▸ **WORK TASK**
Return the full listing word for word, but drop every picture from it.
[SUPPLIED MATERIAL Boundary: Start]
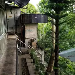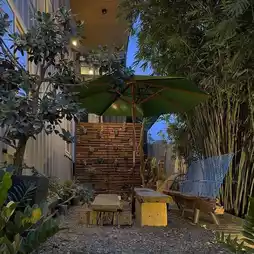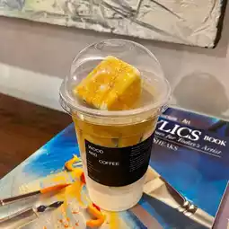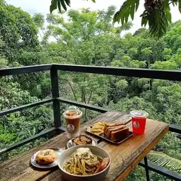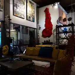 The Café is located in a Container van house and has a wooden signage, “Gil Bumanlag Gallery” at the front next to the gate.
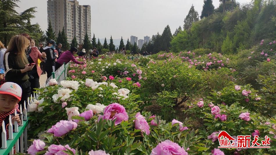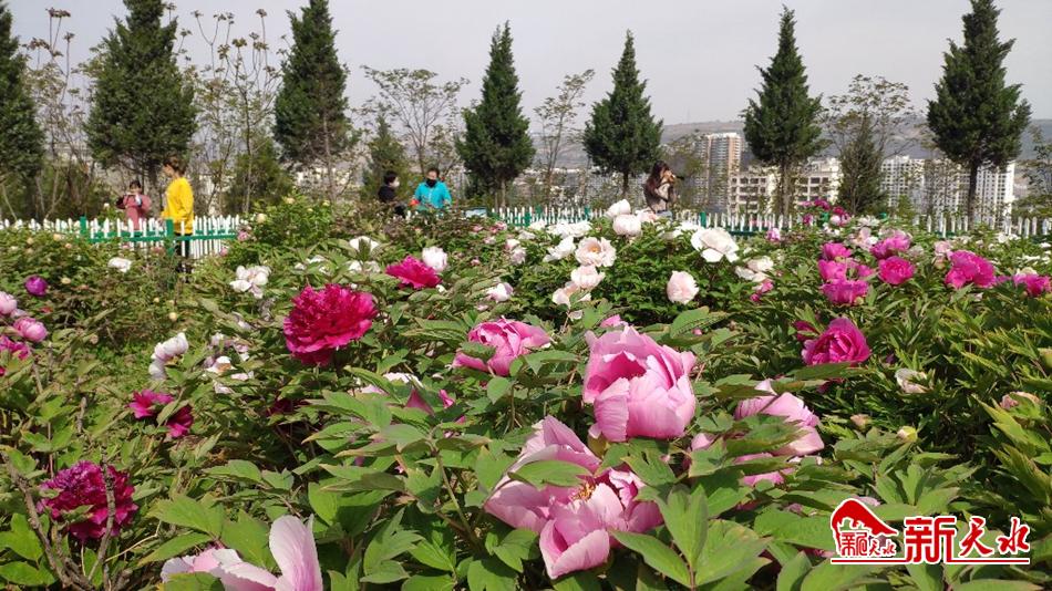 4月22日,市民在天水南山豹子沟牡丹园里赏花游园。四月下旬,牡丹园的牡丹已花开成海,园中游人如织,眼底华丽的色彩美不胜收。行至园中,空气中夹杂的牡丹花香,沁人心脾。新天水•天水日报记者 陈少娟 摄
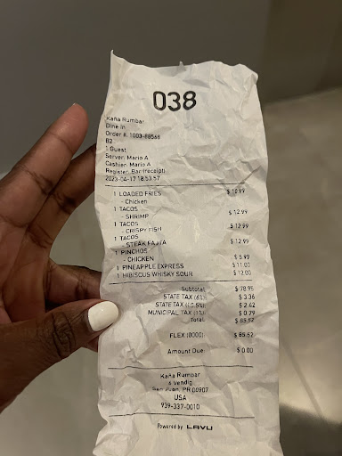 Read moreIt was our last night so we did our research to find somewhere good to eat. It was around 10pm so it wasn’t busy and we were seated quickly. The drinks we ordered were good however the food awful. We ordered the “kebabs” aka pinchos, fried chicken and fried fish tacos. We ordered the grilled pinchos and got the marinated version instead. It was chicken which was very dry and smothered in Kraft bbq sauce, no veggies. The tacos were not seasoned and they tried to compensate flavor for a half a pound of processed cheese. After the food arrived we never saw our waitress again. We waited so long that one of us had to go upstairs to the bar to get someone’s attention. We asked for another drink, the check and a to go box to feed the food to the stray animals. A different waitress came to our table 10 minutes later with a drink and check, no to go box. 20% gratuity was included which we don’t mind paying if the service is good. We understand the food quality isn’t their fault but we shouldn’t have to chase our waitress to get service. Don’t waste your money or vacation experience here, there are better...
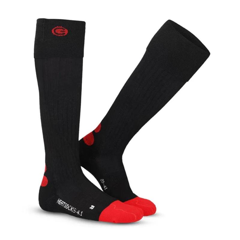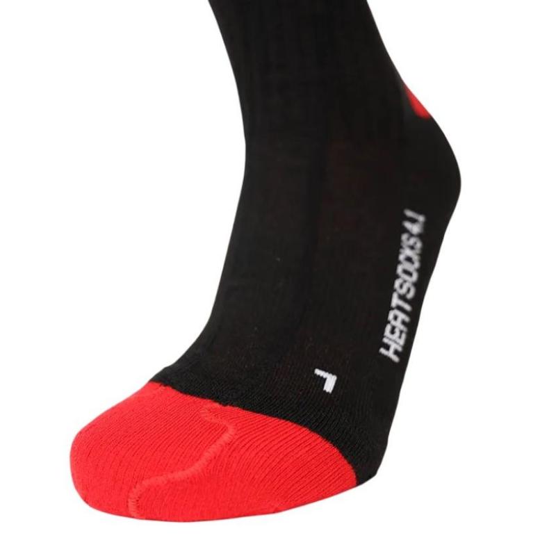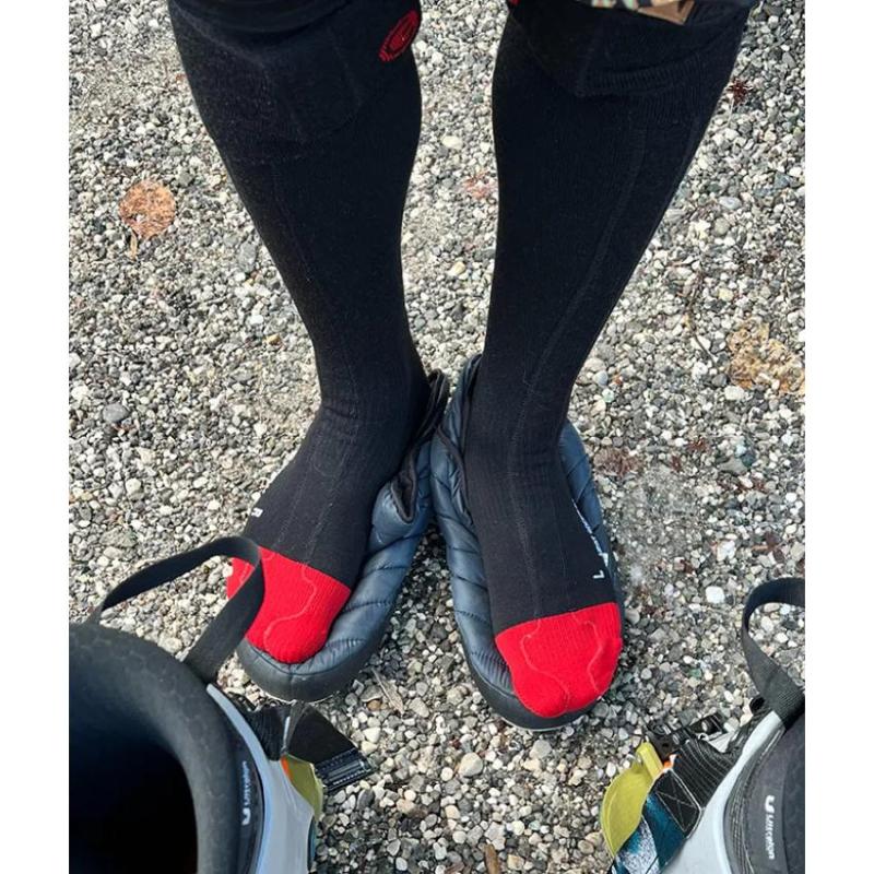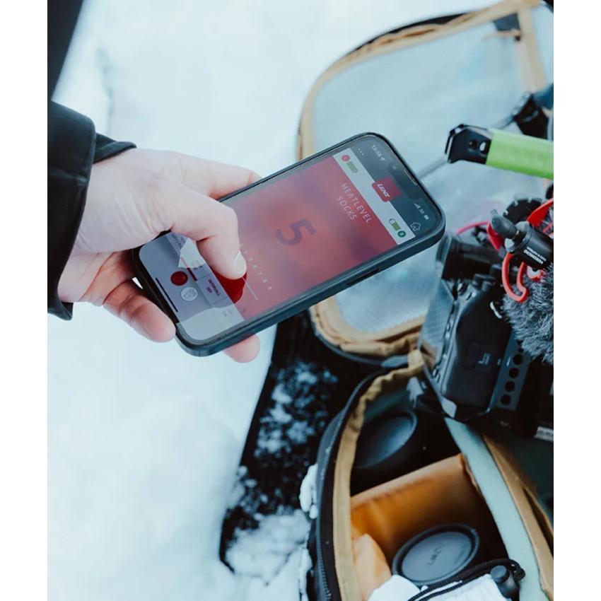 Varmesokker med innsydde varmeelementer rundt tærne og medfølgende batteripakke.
[SUPPLIED MATERIAL Boundary: End]
▸ **OUTPUT FOR THIS EXERCISE**
 The Café is located in a Container van house and has a wooden signage, “Gil Bumanlag Gallery” at the front next to the gate.
 4月22日,市民在天水南山豹子沟牡丹园里赏花游园。四月下旬,牡丹园的牡丹已花开成海,园中游人如织,眼底华丽的色彩美不胜收。行至园中,空气中夹杂的牡丹花香,沁人心脾。新天水•天水日报记者 陈少娟 摄
 Read moreIt was our last night so we did our research to find somewhere good to eat. It was around 10pm so it wasn’t busy and we were seated quickly. The drinks we ordered were good however the food awful. We ordered the “kebabs” aka pinchos, fried chicken and fried fish tacos. We ordered the grilled pinchos and got the marinated version instead. It was chicken which was very dry and smothered in Kraft bbq sauce, no veggies. The tacos were not seasoned and they tried to compensate flavor for a half a pound of processed cheese. After the food arrived we never saw our waitress again. We waited so long that one of us had to go upstairs to the bar to get someone’s attention. We asked for another drink, the check and a to go box to feed the food to the stray animals. A different waitress came to our table 10 minutes later with a drink and check, no to go box. 20% gratuity was included which we don’t mind paying if the service is good. We understand the food quality isn’t their fault but we shouldn’t have to chase our waitress to get service. Don’t waste your money or vacation experience here, there are better...
 Varmesokker med innsydde varmeelementer rundt tærne og medfølgende batteripakke.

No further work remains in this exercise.